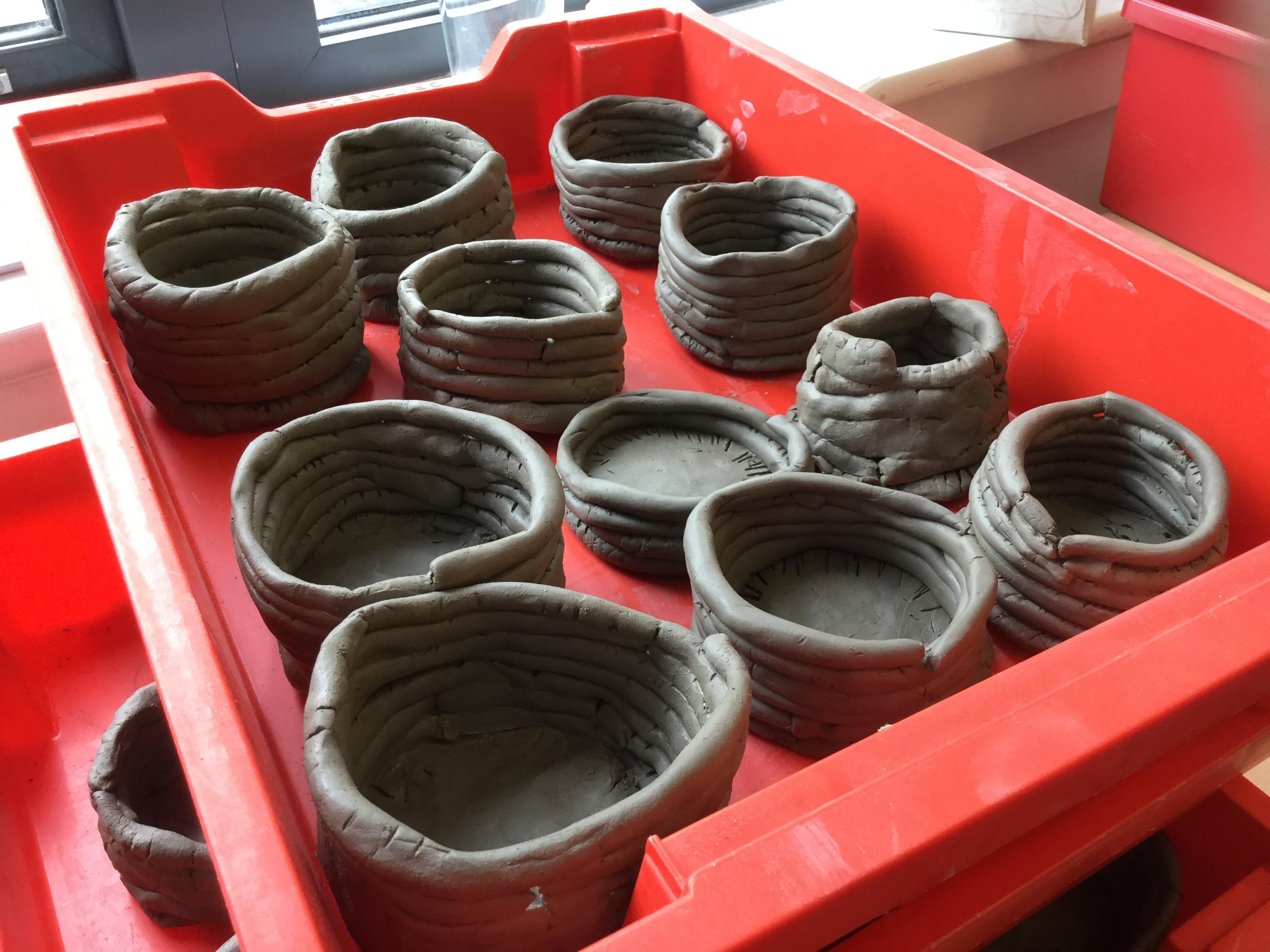 Today we learnt how to make a coil pot in clay. We had to use skills of squeezing, scoring, joining and smoothing in order to create these pots....
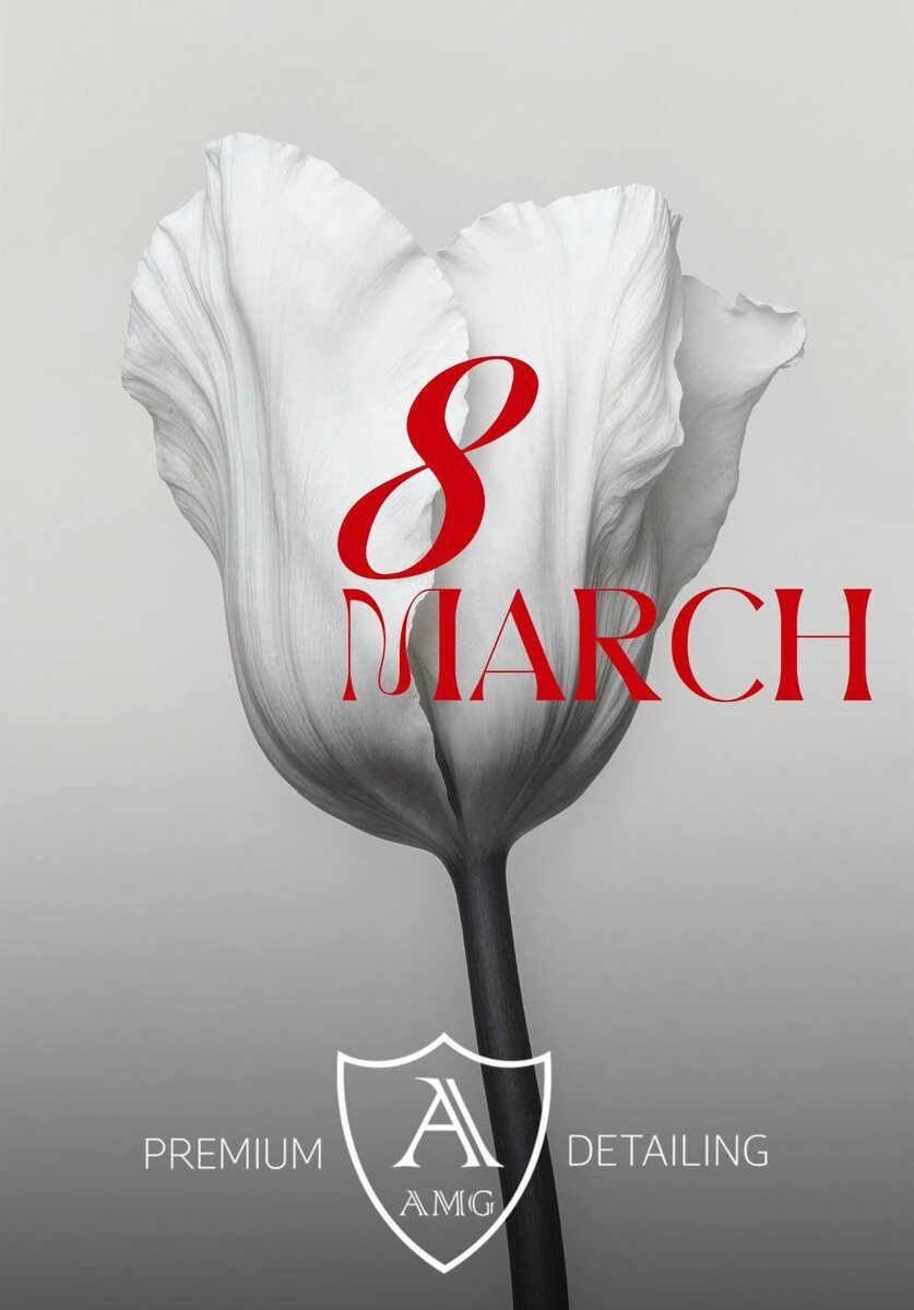 ! 🌷 Поздравляем Вас с 8 марта! ✨ В этот день мы хотим поблагодарить вас за то, что вы делаете наш мир прекраснее, вдохновляете нас на новые достижения и задаете высокие стандарты во всем — от стиля до отношения к деталям. 🤍 Ваше стремление к совершенству созвучно философии нашей студии. Желаем вам всегда оставаться на высоте, блистать и добиваться поставленных целей. 🕊️ Пусть в вашей жизни будет больше приятных событий и меньше поводов для беспокойства. С праздником весны, красоты и вдохновения! 🌿 С уважением, команда Детейлинг пространства AMG🩶
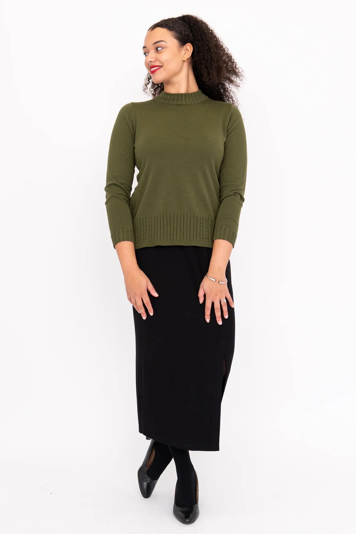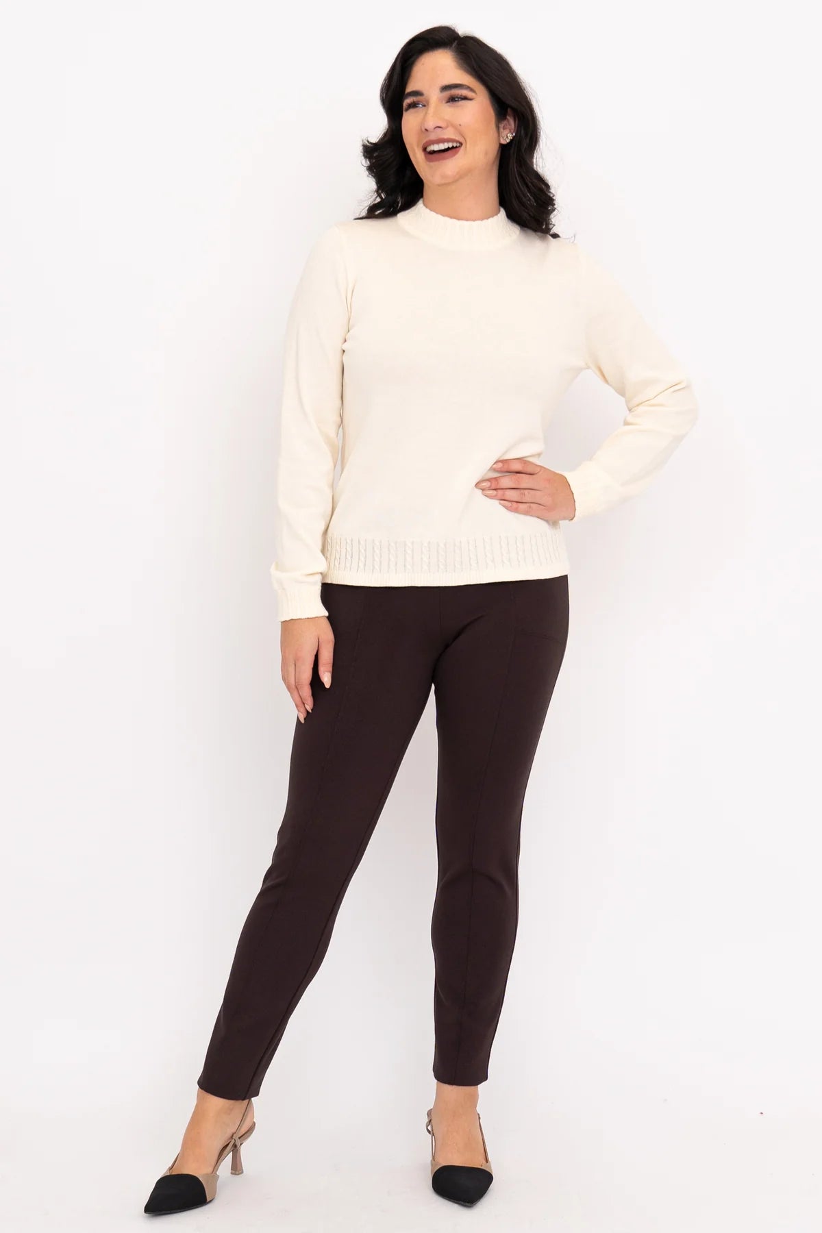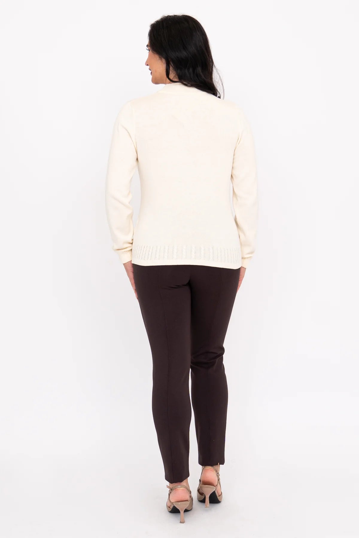 Ella Sweater is a timeless essential crafted from 100% cotton, offering breathable comfort with a cozy mock neck. Cable knit details at the neckline, cuffs, and hemline add playful texture and style, making it perfect for everyday wear.
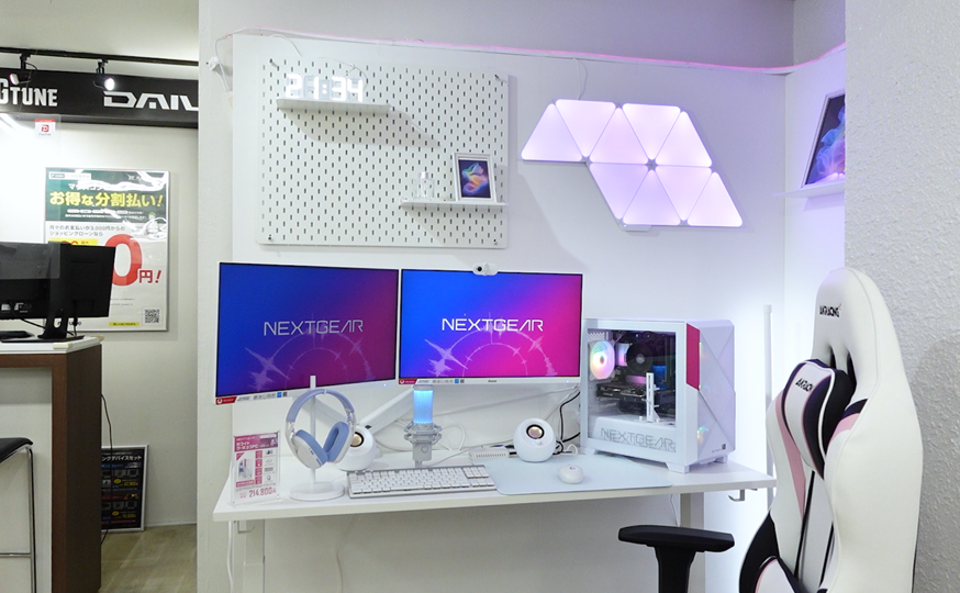 人気のNEXTGEARのミニタワーデスクトップパソコン「NEXTGEAR JG-A7G6T」ホワイトモデルを中心に、液晶ディスプレイ、ヘッドセットなどもホワイトで統一した、NEXTGEAR JG-A7G6T(ホワイト5点セット)となります。また、自宅でのゲーミング環境をイメージできる展示となっています。
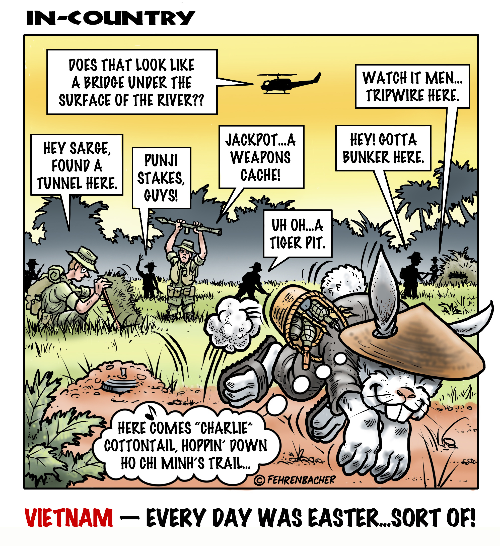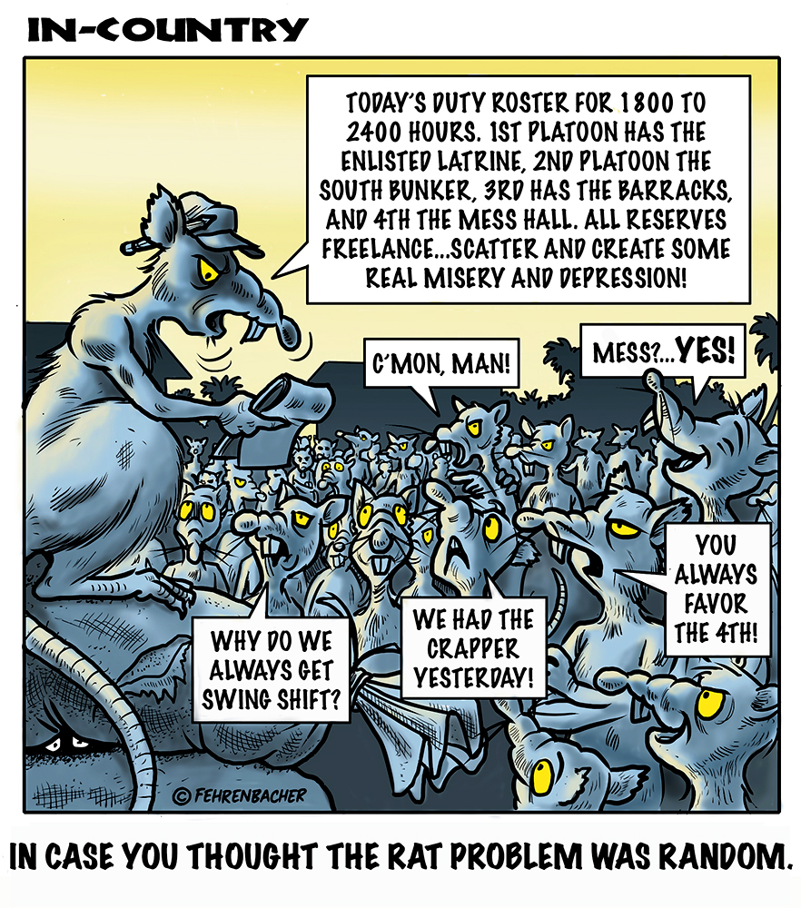 Phil enlisted in the Army in 1965 where you served for years in Vietnam. He became a graphic designer and has worked for the state of Oregon for 26 years. He retired in 2003 and started the Cartoon "In-Country". The cartoons reflect his experiences during his tour of duty in South Vietnam.

____

## YOUR TASK:
Type the records out again in full, exactly, with each picture omitted.

## COMPLETED EXERCISE:
 Today we learnt how to make a coil pot in clay. We had to use skills of squeezing, scoring, joining and smoothing in order to create these pots....
 ! 🌷 Поздравляем Вас с 8 марта! ✨ В этот день мы хотим поблагодарить вас за то, что вы делаете наш мир прекраснее, вдохновляете нас на новые достижения и задаете высокие стандарты во всем — от стиля до отношения к деталям. 🤍 Ваше стремление к совершенству созвучно философии нашей студии. Желаем вам всегда оставаться на высоте, блистать и добиваться поставленных целей. 🕊️ Пусть в вашей жизни будет больше приятных событий и меньше поводов для беспокойства. С праздником весны, красоты и вдохновения! 🌿 С уважением, команда Детейлинг пространства AMG🩶
 Ella Sweater is a timeless essential crafted from 100% cotton, offering breathable comfort with a cozy mock neck. Cable knit details at the neckline, cuffs, and hemline add playful texture and style, making it perfect for everyday wear.
 人気のNEXTGEARのミニタワーデスクトップパソコン「NEXTGEAR JG-A7G6T」ホワイトモデルを中心に、液晶ディスプレイ、ヘッドセットなどもホワイトで統一した、NEXTGEAR JG-A7G6T(ホワイト5点セット)となります。また、自宅でのゲーミング環境をイメージできる展示となっています。
 Phil enlisted in the Army in 1965 where you served for years in Vietnam. He became a graphic designer and has worked for the state of Oregon for 26 years. He retired in 2003 and started the Cartoon "In-Country". The cartoons reflect his experiences during his tour of duty in South Vietnam.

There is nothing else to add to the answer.